The summer school started with an interesting collection of application cases. Several lecturers presented their work and research, explaining not only their goals and current status, but also the data, methodology and concepts behind their archievments. Especially interesting was the talk on Urban Ecosystems. Personally, my focus is usually either on rural areas (for e.g. agriculture or forest mapping) or human settlements (e.g. to map their expansion). Focusing on the vegetation within a city is a concept that was new to me from the perspective of EO, but obviously every urban citizen is aware of the effects of vegetation within cities (both physical, as in cooling the environment down, but also aesthetically). Seeing how AI can be used to help map urban vegetation is very interesting, especially the inclusion of both multi- and hyperspectral data as well as fusing this information with LiDAR measurements.

Since research can be often times quite far removed from the average citizen, the inclusion of interested persons by creating citizen science has the potential to create more interest and understanding in the population for sciences and ecological problems.

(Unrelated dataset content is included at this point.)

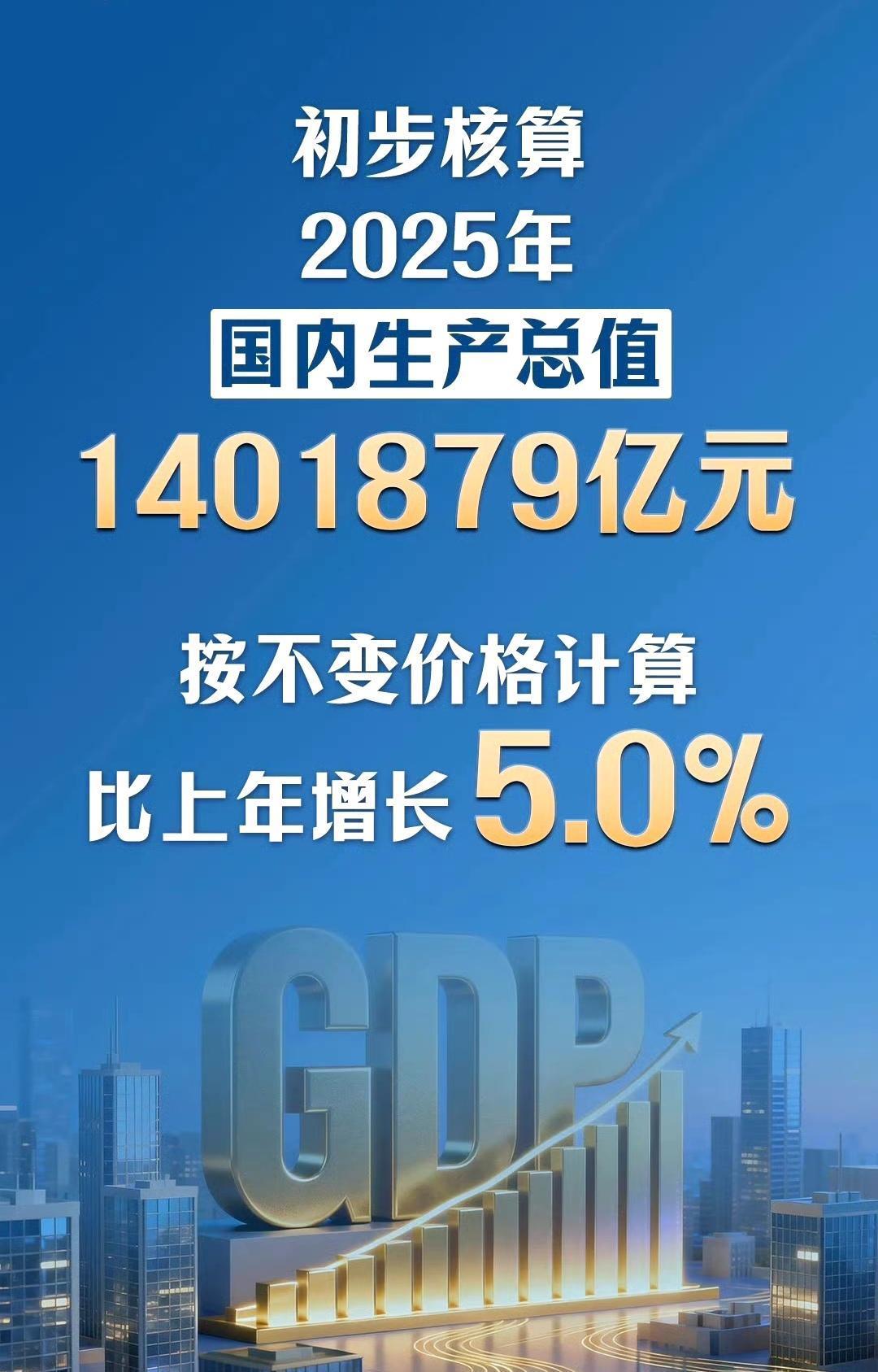 2025年中国经济年报。初步核算,全年国内生产总值1401879亿元,按不变价格计算,比上年增长5.0%。

Additionally, the introduction of the Terrascope platform was fascinating. The platform, which hosts an incredible amount of EO data, provides access to this data and the according processing capabilities to it’s users. Cloud-based storage and computing surely is the way of conducting this work in the future, since the need for big downloads as well as local processing power is eliminated. The concept of the data cube and how to reduce the data over the wanted dimension is not trivial to grasp, but once the core ideas and functionalities are understood, it becomes a very powerful tool.
 

Group Work

The group work sessions followed the lecture sessions, concluding in a presentation of the work at the AGIT conference. The following slides, annoted by the the members of the group, outline our project.
by Adebowale Adebayo

The study area is located in Lungai, Ndalu district, western rift valley of Kenya. The crop yield data were collected for the 2018 growing season for 64 maize fields spread in an area of approximately 26.6 km2. Based on the descriptive data analysis, the crop yield ranges from 3.32 t/ha to 11.02 t/ha, with an average of 5.43 t/ha. The test area contains 61 maize fields with a total area of 33.5 km2. Three Ground Range Detected (GRD)  Sentinel-1 SAR products were downloaded from Copernicus Open Hub Access between July and September 2018. Data were coregistered, radiometrically calibrated, and then converted to a dB scale using SNAP 8.0.0. We also applied a five-by-five Lee speckle filter and a Range Doppler Terrain Correction to reduce spectral noise and orthorectify the data. After that, the VV, VH, VH/VV, and VV-VH bands were retrieved from SAR data, and corresponding multiple values to sampling sites were extracted to be integrated as independent covariates in the model. 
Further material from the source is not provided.